Monday, June 20, 2005

LONG BEFORE THERE WAS JACK BAUER, THERE WAS TEDDY HOFFMAN: I've been waiting for this for so long, I can hardly believe it's true. The first season of Steven Bochco's Murder One is now out on DVD, a mere ten years after the show initially premiered.

The concept: 15-year-old Jessica Costello, the troubled girlfriend of movie star Neil Avedon, is strangled to death. Avedon is charged with murder, and hires superstar defense attorney Ted Hoffman to defend him. Nothing is as it seems, and much of the confusion revolves around the potential involvement of bazillionaire Richard Cross, another Hoffman client with connections to the murder victim.

At the time, Murder One had a few big strikes against it, not the least of which was unfortunate scheduling (it went up against ER in ER's second season, back when it was can't-miss appointment TV). The central conceit -- follow a single murder trial over the course of a season -- was perhaps a bit ahead of its time. I'm not sure the world would have been ready for Jack Bauer in 1995, much less a way-subtle, way-understated, way-riveting performance by Daniel Benzali as the central defense attorney Ted Hoffman.

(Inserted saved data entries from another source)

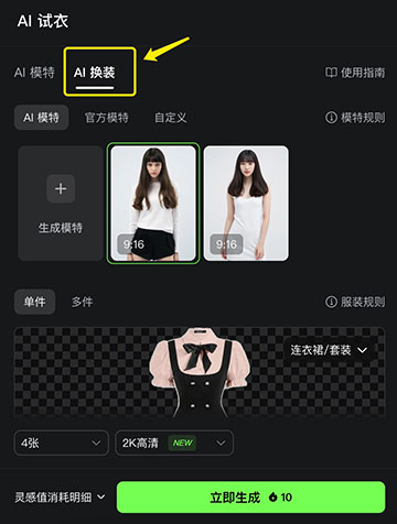 拥有了心仪的模特,下一步就是施展换装魔法!点击「AI换装」功能。
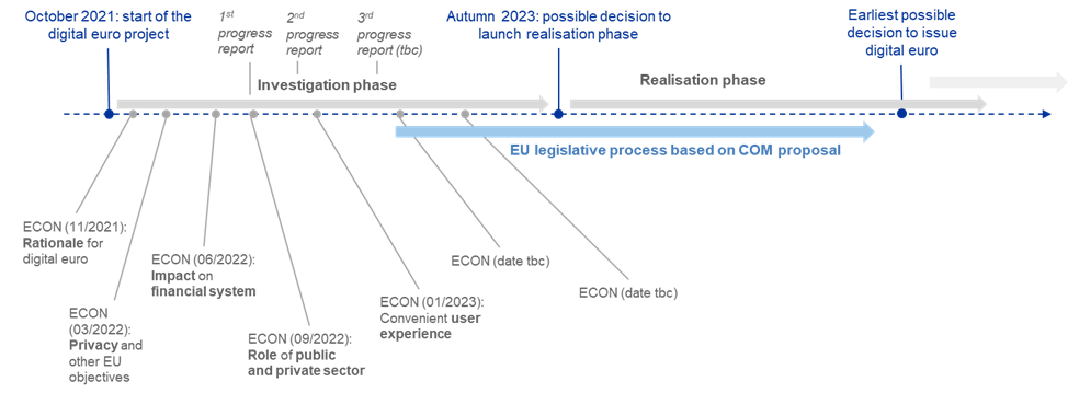 Panetta kündigte an, die EZB werde die Planung im Jahr 2023 fortsetzen und im Herbst abschließen. Erst zum Jahresende entscheidet der EZB-Rat über den Übergang in die Umsetzung und Erstellung eines Prototyps. Die Umsetzung bedeute jedoch noch nicht, den digitalen Euro bereits herauszugeben, sondern zuerst die technischen Lösungen und Geschäftsvorkehrungen zu entwickeln und testen.
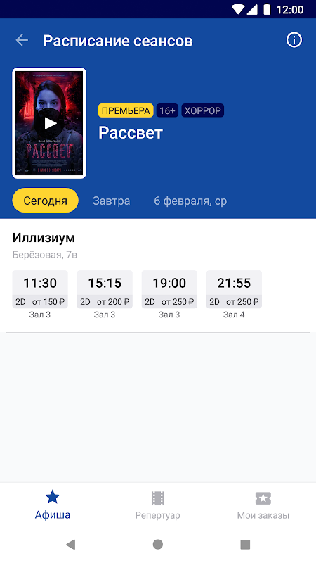 A aplicação móvel do cinema "Illizium" irá ajudá-lo a escolher uma sessão conveniente, aprender sobre as notícias da distribuição de cinema e comprar ingressos de cinema na cidade de Novomoskovsk.
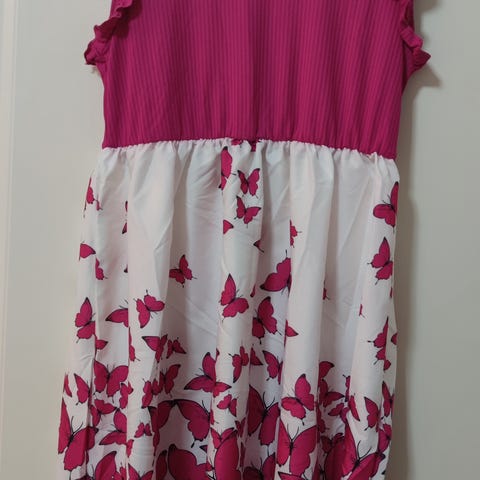 Erinomaisessa kunnossa oleva tyttöjen raidallinen mekko koossa 150 cm. Materiaali joustava, 95% puuvilla ja 5% elastaani.
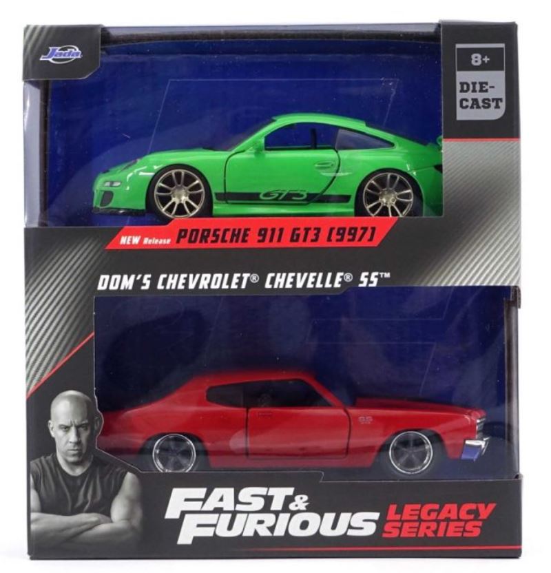 Twin Pack - PORSCHE 911 GT3 RS grün mit CHEVROLET Chevelle rot - FAST and FURIOUS

What Murder One has are some seriously wow-level performances. First and foremost, Stanley Tucci is monumentally good as is-he-the-villain-or-isn't-he Richard Cross. Add in Barbara Bosson (then Bochco's wife) as the DA prosecuting the case, Patricia Clarkson as Teddy's long-suffering wife, Jason Gedrick as the actor-turned-defendant, and so on. (Mary McCormack also appears as one of Teddy's associates, although I seem to recall that her performance aggravated me.)

Where the show ultimately lost a bit of its footing was in the attempt to find something for Teddy's various associates to do when they weren't jockeying for position to second-chair the Avedon trial. The associates' other cases tended to be a bit silly and underwritten compared to the central Avedon story. But this is a relatively modest gripe about a show that is a whole lot of fun to watch.

In a summer where the choices seem to be (1) see D-level "stars" learn to dance, (2) watch has-been musicians try to become will-be musicians, and (3) wonder how in the world Brad and Eric ever got cast as geeks in a world that contains unsalvageable wack-job Richard, there are far, far worse things you can do than spend 23 hours watching Murder One. My DVDs arrive on Wednesday.